Your goal: Would you retype the listing word for word, skipping its pictures?

Information shown:

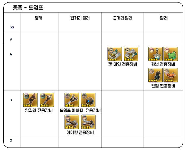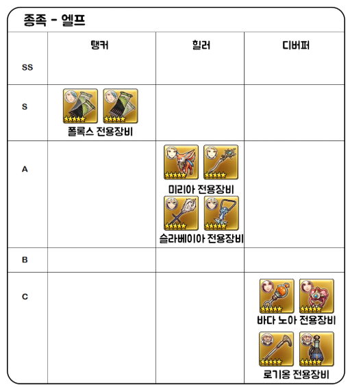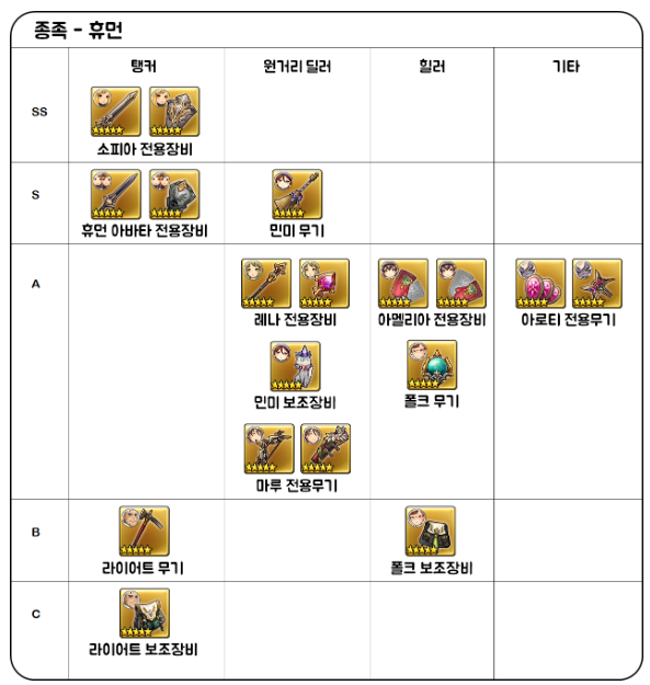 맨 아래에 있는 장비 등급표 보고 5성장비 개수 목표잡고 리세마라 하시면 되겠습니다.
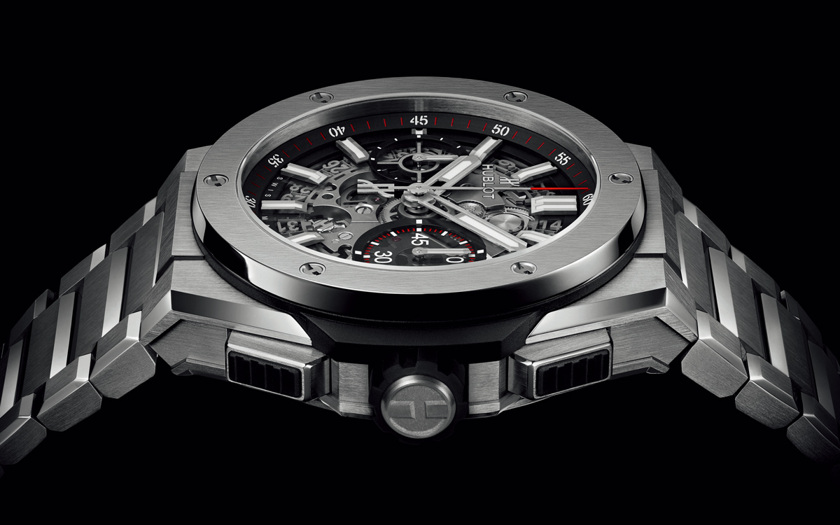 単に新しいブレスレットをケースへ付けたわけではなく、すべてにおいて突き詰めた時計であるという意味を込めて、ウブロはこのモデルに「インテグレーテッド」と名付けたのだ。
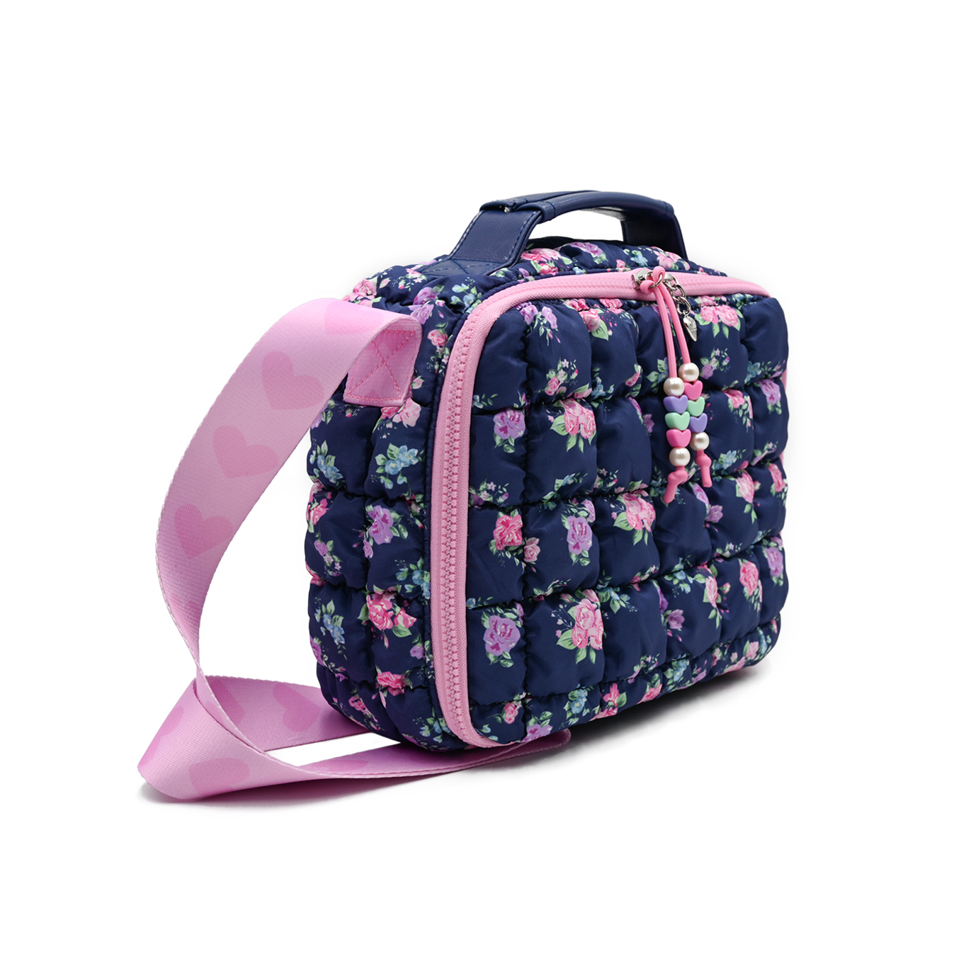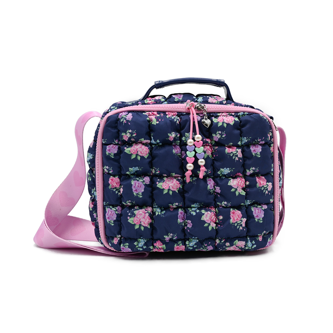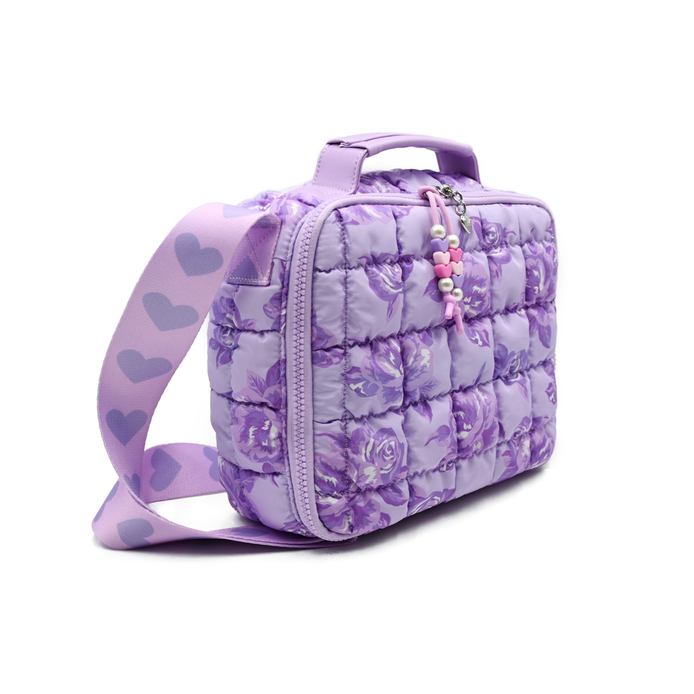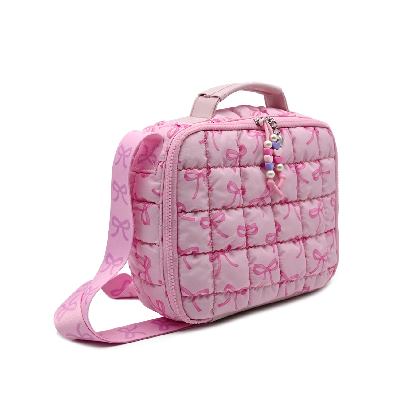 - Scrunched to perfection, our new nylon quilted & insulated lunch bags are here to carry all their snacks & meals! This super styling lunch caddy features a silver metallic exterior, beaded zipper pulls, & printed adjustable shoulder strap for easy carrying!

Output of the task:
 맨 아래에 있는 장비 등급표 보고 5성장비 개수 목표잡고 리세마라 하시면 되겠습니다.
 単に新しいブレスレットをケースへ付けたわけではなく、すべてにおいて突き詰めた時計であるという意味を込めて、ウブロはこのモデルに「インテグレーテッド」と名付けたのだ。
 - Scrunched to perfection, our new nylon quilted & insulated lunch bags are here to carry all their snacks & meals! This super styling lunch caddy features a silver metallic exterior, beaded zipper pulls, & printed adjustable shoulder strap for easy carrying!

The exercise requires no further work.